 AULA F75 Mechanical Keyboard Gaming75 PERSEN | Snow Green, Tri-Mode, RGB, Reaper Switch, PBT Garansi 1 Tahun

--

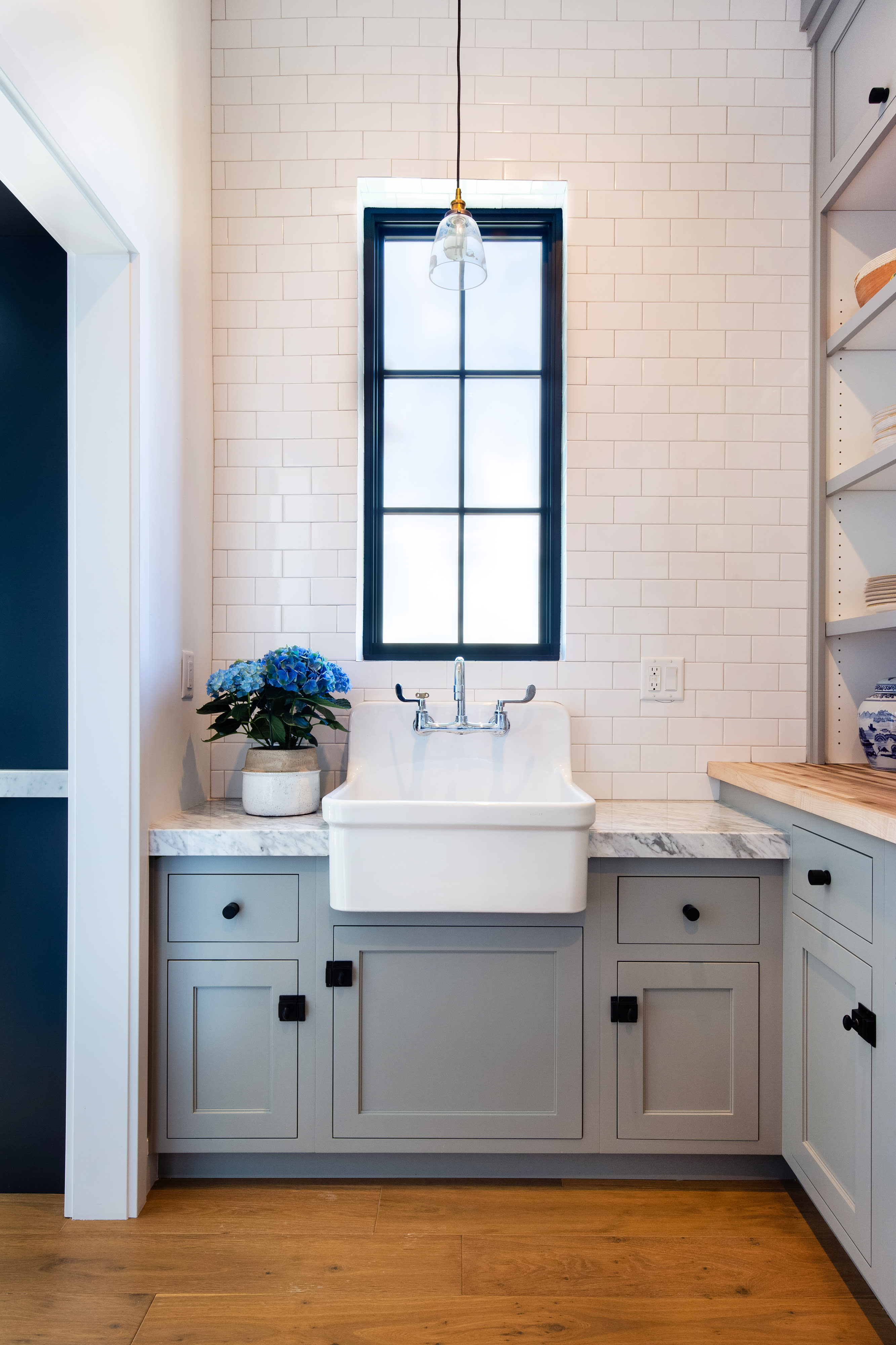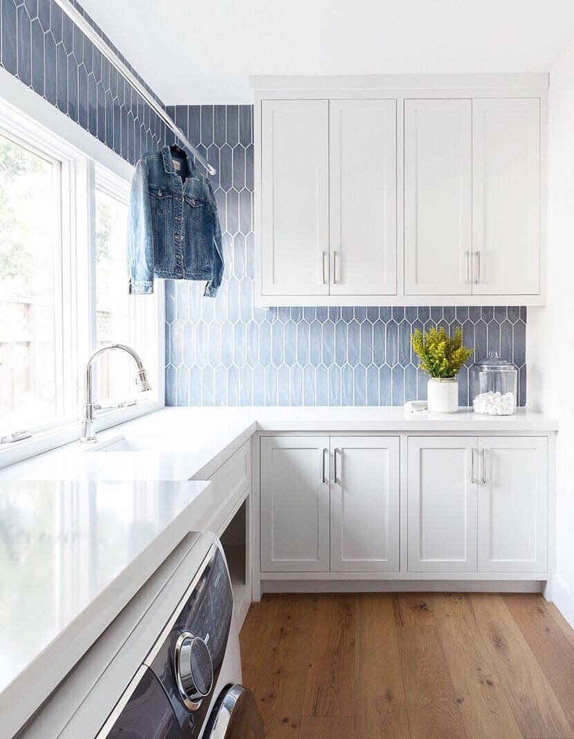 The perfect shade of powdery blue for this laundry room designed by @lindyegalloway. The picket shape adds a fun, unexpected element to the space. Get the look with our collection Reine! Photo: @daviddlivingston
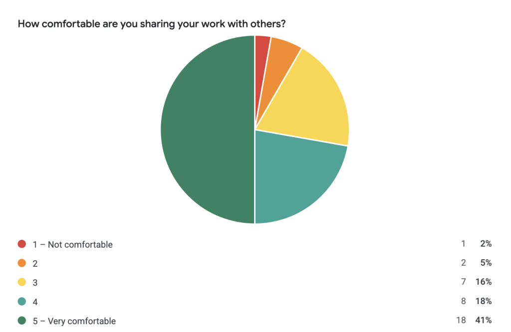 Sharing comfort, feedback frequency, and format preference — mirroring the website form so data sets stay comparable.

What the task asks: Your answer should be the lines above, word for word, from the line with "The perfect shade" through the line with "Sharing comfort, feedback", minus the pictures.

Task response:
 The perfect shade of powdery blue for this laundry room designed by @lindyegalloway. The picket shape adds a fun, unexpected element to the space. Get the look with our collection Reine! Photo: @daviddlivingston
 Sharing comfort, feedback frequency, and format preference — mirroring the website form so data sets stay comparable.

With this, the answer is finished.